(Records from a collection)
☆ ☆ ☆
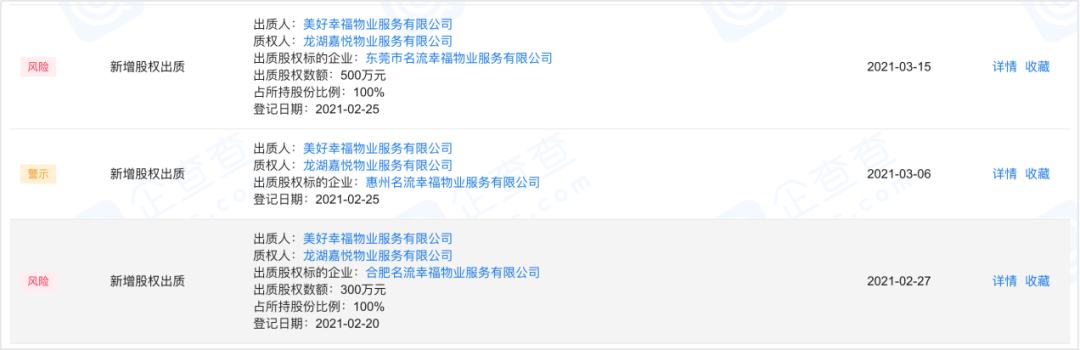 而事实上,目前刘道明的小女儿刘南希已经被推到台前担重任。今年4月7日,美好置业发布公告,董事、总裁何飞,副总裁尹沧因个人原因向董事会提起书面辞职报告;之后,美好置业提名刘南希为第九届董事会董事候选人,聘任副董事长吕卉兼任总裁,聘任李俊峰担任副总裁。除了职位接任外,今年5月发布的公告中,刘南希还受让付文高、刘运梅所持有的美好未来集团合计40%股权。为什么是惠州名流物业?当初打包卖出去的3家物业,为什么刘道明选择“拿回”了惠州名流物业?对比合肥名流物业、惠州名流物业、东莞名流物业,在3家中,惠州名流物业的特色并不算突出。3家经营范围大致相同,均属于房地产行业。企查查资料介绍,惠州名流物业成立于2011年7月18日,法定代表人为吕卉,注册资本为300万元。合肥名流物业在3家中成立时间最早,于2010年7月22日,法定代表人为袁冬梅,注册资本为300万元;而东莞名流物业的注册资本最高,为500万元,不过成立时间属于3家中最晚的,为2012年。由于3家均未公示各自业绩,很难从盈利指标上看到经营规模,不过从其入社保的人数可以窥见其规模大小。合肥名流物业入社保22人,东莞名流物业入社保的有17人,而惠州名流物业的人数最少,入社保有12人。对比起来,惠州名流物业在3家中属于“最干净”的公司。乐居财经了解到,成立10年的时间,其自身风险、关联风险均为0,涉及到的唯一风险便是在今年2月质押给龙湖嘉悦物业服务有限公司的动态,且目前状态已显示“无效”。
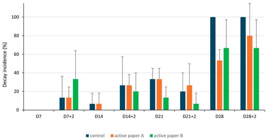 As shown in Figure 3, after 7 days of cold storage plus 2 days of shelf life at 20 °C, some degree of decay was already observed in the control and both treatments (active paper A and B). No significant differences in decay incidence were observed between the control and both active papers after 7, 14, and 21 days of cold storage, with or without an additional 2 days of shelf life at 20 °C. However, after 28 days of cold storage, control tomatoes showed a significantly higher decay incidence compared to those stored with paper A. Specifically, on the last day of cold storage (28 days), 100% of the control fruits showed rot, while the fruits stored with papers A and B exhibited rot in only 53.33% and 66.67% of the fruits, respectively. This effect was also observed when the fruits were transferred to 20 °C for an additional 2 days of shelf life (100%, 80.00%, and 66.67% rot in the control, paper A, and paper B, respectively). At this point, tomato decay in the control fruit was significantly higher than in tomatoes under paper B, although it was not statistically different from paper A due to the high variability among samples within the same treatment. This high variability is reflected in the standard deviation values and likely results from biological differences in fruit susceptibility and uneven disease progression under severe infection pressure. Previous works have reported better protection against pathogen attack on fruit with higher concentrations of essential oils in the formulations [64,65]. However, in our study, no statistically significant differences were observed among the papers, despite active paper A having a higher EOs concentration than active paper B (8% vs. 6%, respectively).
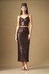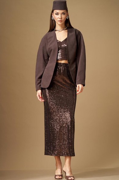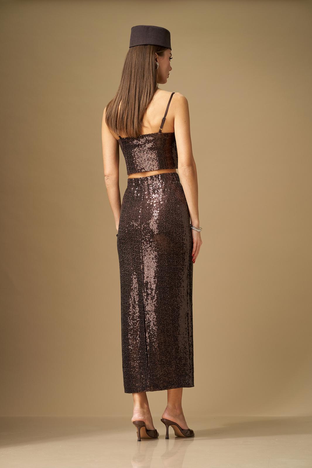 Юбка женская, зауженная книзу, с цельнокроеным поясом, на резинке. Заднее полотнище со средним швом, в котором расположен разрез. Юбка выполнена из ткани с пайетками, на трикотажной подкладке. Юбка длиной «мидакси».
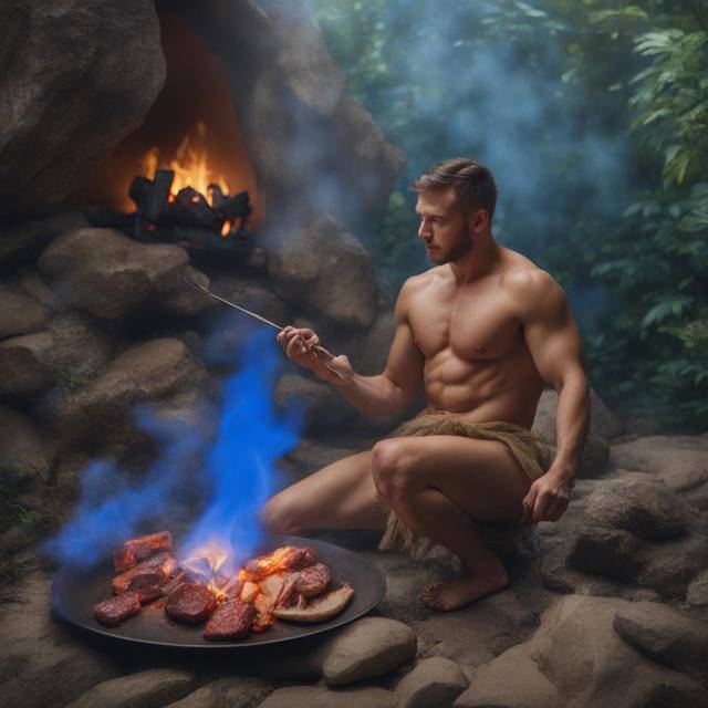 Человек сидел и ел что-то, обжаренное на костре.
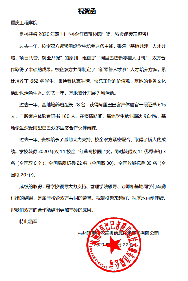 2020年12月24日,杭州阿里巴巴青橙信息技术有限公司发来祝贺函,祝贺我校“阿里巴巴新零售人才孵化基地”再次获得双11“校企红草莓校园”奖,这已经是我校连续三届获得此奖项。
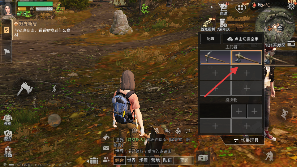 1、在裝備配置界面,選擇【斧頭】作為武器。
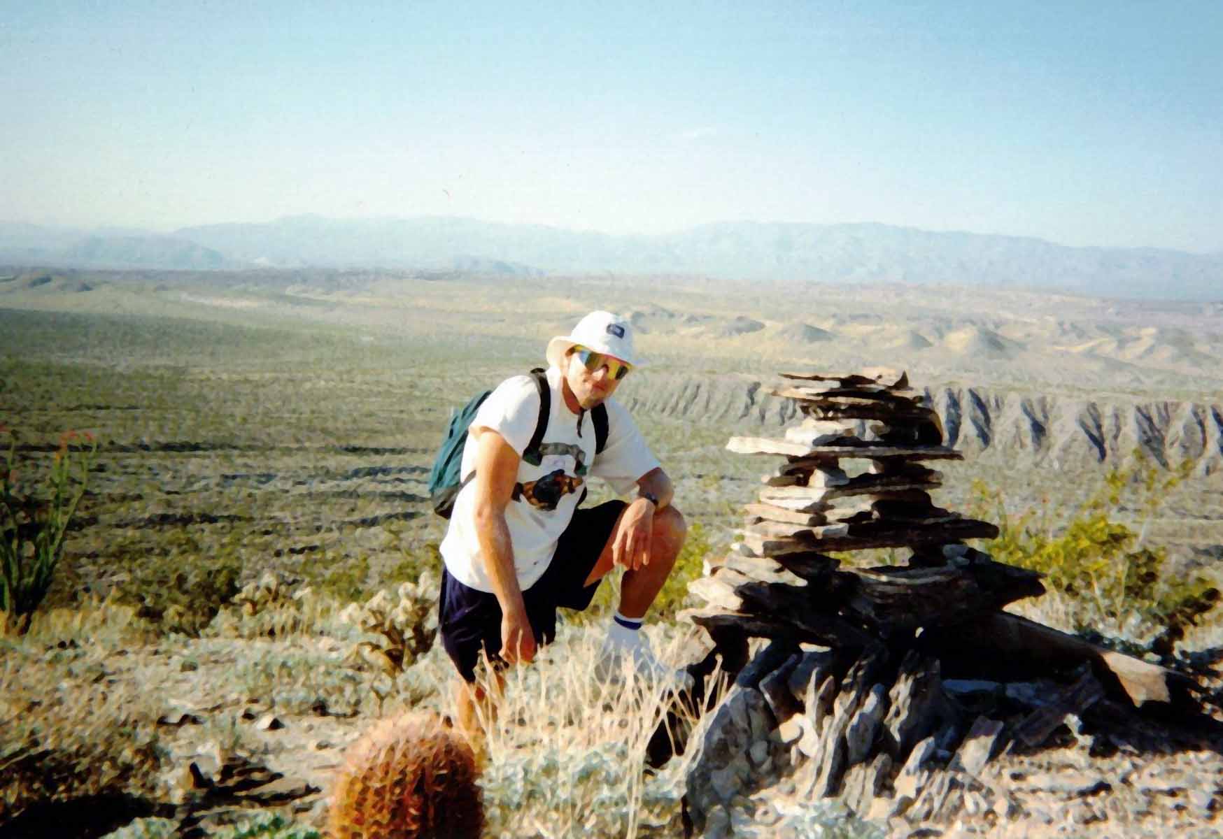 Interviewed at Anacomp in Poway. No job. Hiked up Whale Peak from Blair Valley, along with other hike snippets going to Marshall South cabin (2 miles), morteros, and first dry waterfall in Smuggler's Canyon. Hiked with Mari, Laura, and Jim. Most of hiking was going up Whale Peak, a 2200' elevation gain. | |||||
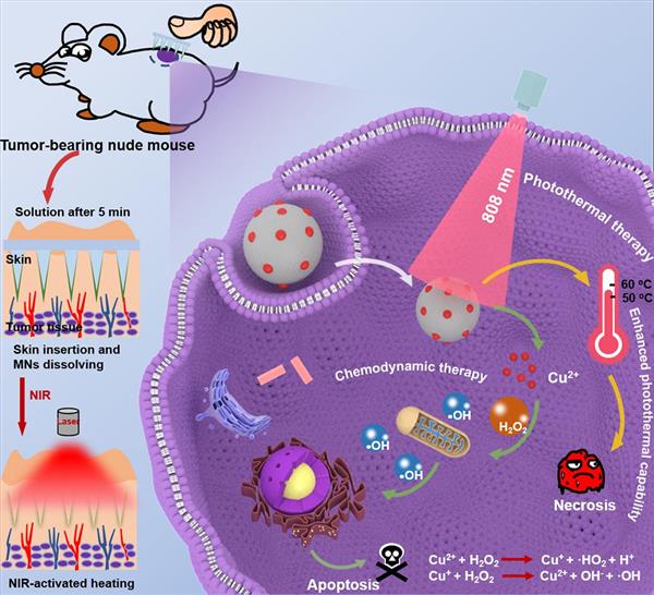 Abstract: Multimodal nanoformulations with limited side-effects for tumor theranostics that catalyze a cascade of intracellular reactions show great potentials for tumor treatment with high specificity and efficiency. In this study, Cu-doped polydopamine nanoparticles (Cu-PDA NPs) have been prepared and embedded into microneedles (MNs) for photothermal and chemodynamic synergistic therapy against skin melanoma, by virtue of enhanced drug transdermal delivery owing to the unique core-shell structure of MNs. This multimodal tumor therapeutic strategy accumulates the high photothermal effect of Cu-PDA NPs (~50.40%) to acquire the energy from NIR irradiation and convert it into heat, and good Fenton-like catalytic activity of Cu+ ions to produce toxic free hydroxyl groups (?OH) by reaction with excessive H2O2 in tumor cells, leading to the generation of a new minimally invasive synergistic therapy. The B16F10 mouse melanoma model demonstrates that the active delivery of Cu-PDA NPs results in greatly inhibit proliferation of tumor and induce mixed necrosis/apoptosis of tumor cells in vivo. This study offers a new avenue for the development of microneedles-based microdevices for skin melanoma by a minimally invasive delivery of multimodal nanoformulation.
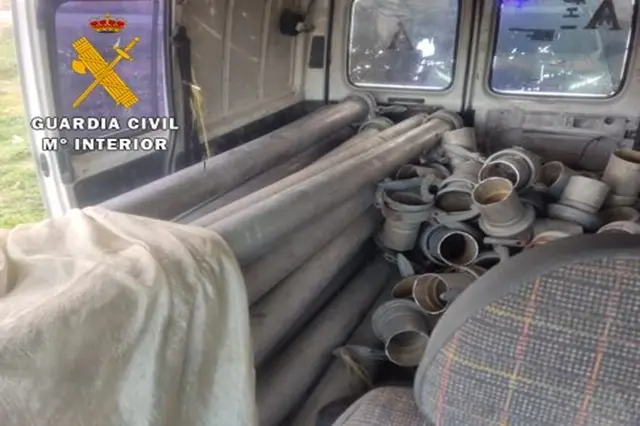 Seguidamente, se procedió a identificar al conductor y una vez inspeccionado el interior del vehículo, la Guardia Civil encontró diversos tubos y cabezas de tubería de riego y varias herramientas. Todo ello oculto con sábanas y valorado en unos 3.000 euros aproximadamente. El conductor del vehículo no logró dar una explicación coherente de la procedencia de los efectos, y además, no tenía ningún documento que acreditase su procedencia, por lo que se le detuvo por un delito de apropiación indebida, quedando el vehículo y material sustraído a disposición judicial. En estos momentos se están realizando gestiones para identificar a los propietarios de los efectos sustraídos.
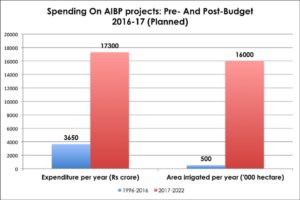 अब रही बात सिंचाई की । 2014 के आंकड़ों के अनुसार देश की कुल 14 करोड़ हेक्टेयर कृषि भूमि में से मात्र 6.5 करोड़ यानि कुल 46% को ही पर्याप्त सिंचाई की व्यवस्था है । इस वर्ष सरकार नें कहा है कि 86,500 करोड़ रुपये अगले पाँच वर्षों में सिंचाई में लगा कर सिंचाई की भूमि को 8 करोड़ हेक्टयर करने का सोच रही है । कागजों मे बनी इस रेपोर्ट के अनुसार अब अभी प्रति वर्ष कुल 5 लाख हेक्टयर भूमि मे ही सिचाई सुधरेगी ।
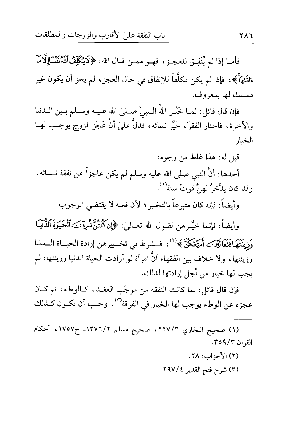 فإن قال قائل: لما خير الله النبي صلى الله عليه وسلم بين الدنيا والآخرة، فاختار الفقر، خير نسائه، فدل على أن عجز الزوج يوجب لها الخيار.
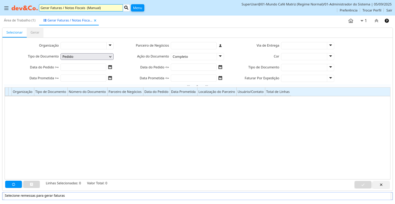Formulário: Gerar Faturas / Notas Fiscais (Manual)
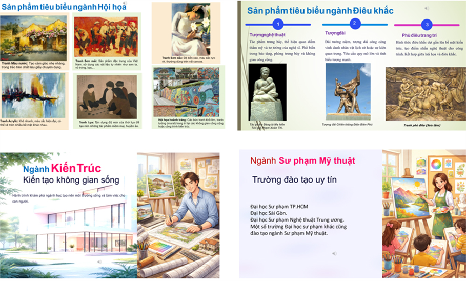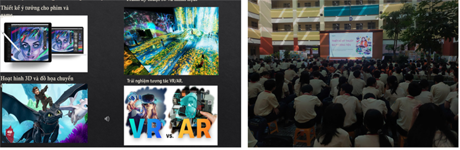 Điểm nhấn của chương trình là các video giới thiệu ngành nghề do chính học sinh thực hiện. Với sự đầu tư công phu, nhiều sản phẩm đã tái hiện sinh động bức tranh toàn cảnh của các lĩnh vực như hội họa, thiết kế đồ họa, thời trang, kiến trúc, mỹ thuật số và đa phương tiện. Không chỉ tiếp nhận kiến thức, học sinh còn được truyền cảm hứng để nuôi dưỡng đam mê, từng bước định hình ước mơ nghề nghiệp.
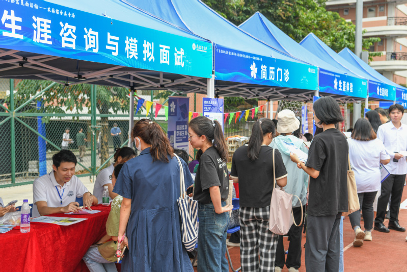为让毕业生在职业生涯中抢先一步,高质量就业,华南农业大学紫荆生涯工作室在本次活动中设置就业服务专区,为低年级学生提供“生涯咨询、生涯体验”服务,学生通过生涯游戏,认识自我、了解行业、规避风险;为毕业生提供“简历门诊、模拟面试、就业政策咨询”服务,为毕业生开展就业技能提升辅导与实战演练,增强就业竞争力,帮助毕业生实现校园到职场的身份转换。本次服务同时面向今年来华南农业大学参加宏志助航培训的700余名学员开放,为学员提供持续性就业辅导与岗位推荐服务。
☆ ☆ ☆
Give back exactly the lines above from the one with "1、在裝備配置界面,選擇【斧頭】作為武器。" through the one with "Abstract: Multimodal nanoformulations", both included. Pictures don't belong in the copy.

# Response to the task
 1、在裝備配置界面,選擇【斧頭】作為武器。
 Interviewed at Anacomp in Poway. No job. Hiked up Whale Peak from Blair Valley, along with other hike snippets going to Marshall South cabin (2 miles), morteros, and first dry waterfall in Smuggler's Canyon. Hiked with Mari, Laura, and Jim. Most of hiking was going up Whale Peak, a 2200' elevation gain. | |||||
 Abstract: Multimodal nanoformulations with limited side-effects for tumor theranostics that catalyze a cascade of intracellular reactions show great potentials for tumor treatment with high specificity and efficiency. In this study, Cu-doped polydopamine nanoparticles (Cu-PDA NPs) have been prepared and embedded into microneedles (MNs) for photothermal and chemodynamic synergistic therapy against skin melanoma, by virtue of enhanced drug transdermal delivery owing to the unique core-shell structure of MNs. This multimodal tumor therapeutic strategy accumulates the high photothermal effect of Cu-PDA NPs (~50.40%) to acquire the energy from NIR irradiation and convert it into heat, and good Fenton-like catalytic activity of Cu+ ions to produce toxic free hydroxyl groups (?OH) by reaction with excessive H2O2 in tumor cells, leading to the generation of a new minimally invasive synergistic therapy. The B16F10 mouse melanoma model demonstrates that the active delivery of Cu-PDA NPs results in greatly inhibit proliferation of tumor and induce mixed necrosis/apoptosis of tumor cells in vivo. This study offers a new avenue for the development of microneedles-based microdevices for skin melanoma by a minimally invasive delivery of multimodal nanoformulation.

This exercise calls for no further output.